TikTok’s Future After Congressional Hearing Is Unclear – Billboard


As the U.S. government considers banning social media app TikTok, the U.S. music industry faces a few scenarios regarding the platform that’s become a lifeline for discovering and breaking artists — and most aren’t good.

The grilling of TikTok CEO Shou Zi Chew by members of the House Energy and Commerce Committee on Thursday (March 23) had all the political theater expected from a Congressional hearing. It also had one important characteristic unusual for the United States in 2023: bi-partisan agreement. Despite Chew’s insistence that U.S. TikTok users’ data cannot be accessed from China, home of parent company Bytedance, neither Democrats nor Republicans seem intent on allowing TikTok to operate within their borders.

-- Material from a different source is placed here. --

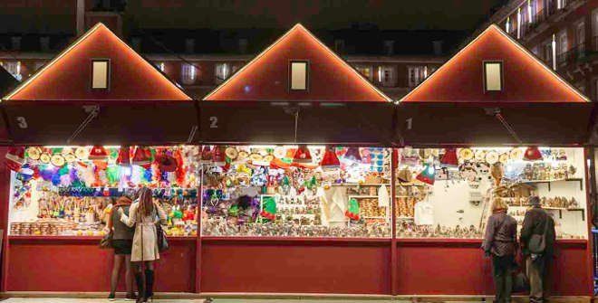 El principal se encuentra en la Plaza Mayor, donde los madrileños podrán recorrer 104 casetas, 50% menos que el año pasado, hasta el 31 de diciembre. Como novedad este año las casetas convivirán con las terrazas.

The showdown seemed inevitable given TikTok’s foreign entanglements and the app’s quick ascendence. The app accounted for 17% of total time spent on mobile apps globally in 2022, according to Data.ai — second behind WeChat’s 19.5% and well ahead of No. 3 YouTube’s 12.7%. Chew told lawmakers that TikTok has 150 million users in the U.S. That’s 50% more than the 100 million figure TikTok previously made public (and eMarketer’s latest estimate of 95.8 million at the end of 2022). Among U.S. Gen Z consumers aged 18 to 24, TikTok ranks No. 2 behind Instagram in monthly average users, according to Data.ai.

But the app’s fate in the United States “is on shakier ground than ever,” according to eMarketer principal analyst Jasmine Enberg. “TikTok’s decision to highlight how entrenched the app has become in US society was miscalculated,” Enberg said in a statement. “It actually strengthened U.S. lawmakers’ argument that TikTok poses a threat to both national security and young people.”

Brendan Carr, a commissioner with the Federal Communications Commission, agrees. The vocal TikTok critic told CBS News “the day could not have gone any worse for TikTok” and that Chew “completely failed” to gain “some level” of trust and credibility with members of Congress.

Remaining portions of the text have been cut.